Crap. Chair a committee?
That sounds like a Leslie I once knew. Back when I had two kids, not three. Back when I was getting eight hours of sleep each night, not four. Back when I had an 8-5 job, not a “this business never stops” gig.
“Gosh, I would love to help, but I am definitely not going to be the chair,” I responded without a twinge of guilt.
There was a time that question would have made me anxious. I would ponder her words and feel badly about telling her no. Then I would end up being the chair of XYZ committee and would dread every moment of it.

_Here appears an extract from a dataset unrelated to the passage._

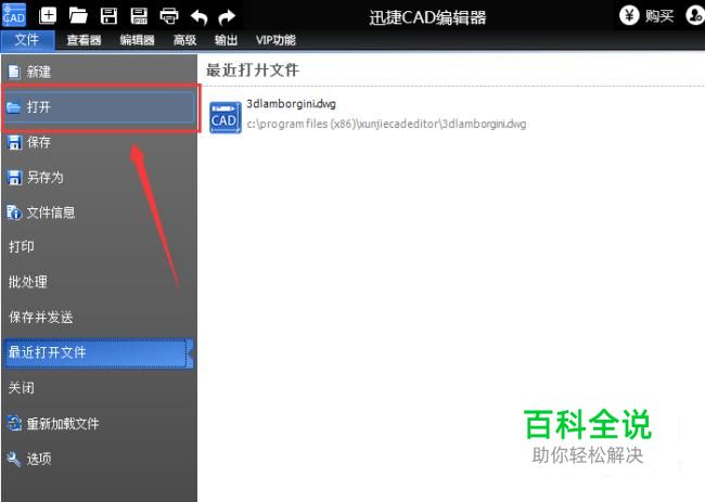 运行CAD编辑器,打开软件之后,点击界面的“文件”选项,然后点击“打开”选项,将CAD文件打开。

I simply wouldn’t want to let her down.
Because that’s the right thing to do, right? We’re supposed to give our time and help others and volunteer at school, at church, in our community, for the neighborhood BBQ and the 20-year class reunion.
And it goes deeper than that.
We’re supposed to sign our kids up for every activity so they aren’t behind the other kids. We’re supposed to say “yes” to every coffee get together so we have lots of friends. We’re supposed to do all the things all the time because society says so.

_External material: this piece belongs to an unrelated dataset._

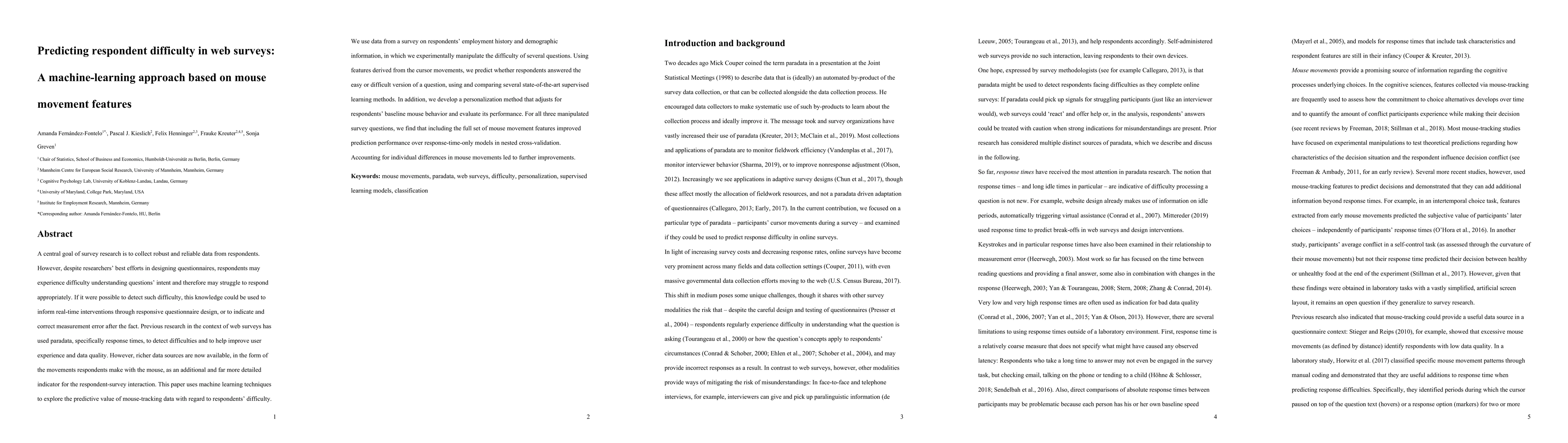 Frauke Kreuter, Sonja Greven, Amanda Fernández-Fontelo et al.

Friends, I ditched the “supposed to” guilt a few years ago and haven’t looked back. And you know what? It feels pretty dang amazing.
All I am supposed to do right now is take care of my growing family and love them hard. Sometimes that means I am able to bake a casserole at dinner and even read a book or two before bed.
Sometimes that means I throw a peanut butter and jelly sandwich on a plate so I can focus on something else I’m supposed to do.
I work hard each day because I want to grow my business and I have to pay bills (for those kids I love so hard). And sometimes that means I’m up late at night finishing work. Or sometimes I’m up late at night watching a Netflix marathon with my guy.
Because he’s another “supposed to” that I don’t want to miss, you know?
In this season of life, all I can do each day is all I can do.
Is the baby fed? Do my girls have shoes to fit their growing feet? Did anyone change the cat’s dang litter box? Am I ever going to sleep again?
And in the moments between the chaos, I need to spend a little more time on me (I’ve got to use that gym membership I pay for each month) and a lot more time with God. And that’s it. That’s all I can do right now, which is all I’m supposed to do.
I’ve let go of the “supposed to” guilt. And now when my phone buzzes with another text message request, I can simply say, “no thanks” with no regrets.
Try it, friends. Figure out what you must do each day and let the rest go. There will be another season in your life when you can say “yes” a bit more often. But if that season isn’t now, if you too are in the “I’m not sleeping and I’m lucky to have clean underwear” stage of life, please learn to say no to all those “supposed to” requests and figure out what you really need each day to fill that bucket of yours.
Your time is too valuable for anything else.